Saturday, November 04, 2006

Google's Book Search Reviewed

Peter Jacso is a Professor of Information Science and a very thorough and perceptive critic of information services especially in the research library context.

He has just produced a thoroughly devastating review of Google Book Search, which suggests that the Google plan to create an archive of all published literature is wildly off-beam. Jacso gives many examples of absurd results from the GBS service, Even with simple searches, there is enough confusion because of the ignorance, illiteracy and innumeracy of the software........ Read the piece. Jacso knows what he is talking about when he examines the way Boolean searches work with Google -- disastrously and wrongly. Google prides itself on its technical proficiency but the nonsensical un-numerical and illogical results produced from the Book Search service merit public explanation and prompt repair.

If the Google Book Search project is poorly implemented that is going to be a disappointment to the publishers and libraries who have supported the project, but is there perhaps a deeper problem? Jacso mentions but does not dwell on Google's unwillingness to document its activities.
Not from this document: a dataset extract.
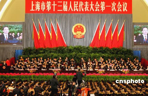 1月24日上午9時(shí),上海市第十三屆人民代表大會(huì)第一次會(huì)議在上海展覽中心中央大廳開幕。中新社發(fā) 湯彥俊 攝
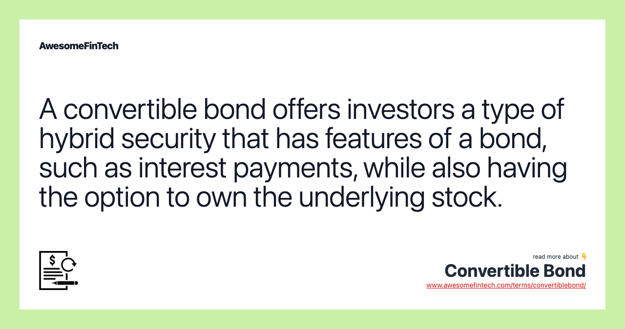 Table of Contents What Is a Convertible Bond? A convertible bond offers investors a type of hybrid security that has features of a bond, such as interest payments, while also having the option to own the underlying stock. Convertible bonds are a flexible financing option for companies. On the other hand, a reversible convertible bond gives the company the right to convert the bond to equity shares or keep the bond as a fixed income investment until maturity. Ideally, an investor wants to convert the bond to stock when the gain from the stock sale exceeds the face value of the bond plus the total amount of remaining interest payments. A convertible bond offers investors a type of hybrid security, which has features of a bond such as interest payments while also providing the opportunity of owning the stock.

Is Google working on an assumption that simply feeding stuff into its search engine is all that is required? And that Page Rank will do the rest -- in effect that the pattern of citations and user behaviour will provide the necessary order to make a useable resource?

Could this disdainful neglect of catalog(ue)s, lists and the public bibliographic record be simply a matter of hubris based on excessive faith in Page Rank? One would hope not.

Friday, November 03, 2006

Advertising and the pressure on publishing revenues

The Los Angeles Times is for sale, classified and displayed ads are under pressure. Magazine and newspaper publishers and TV companies feel the threat of the web in the search for advertising dollars.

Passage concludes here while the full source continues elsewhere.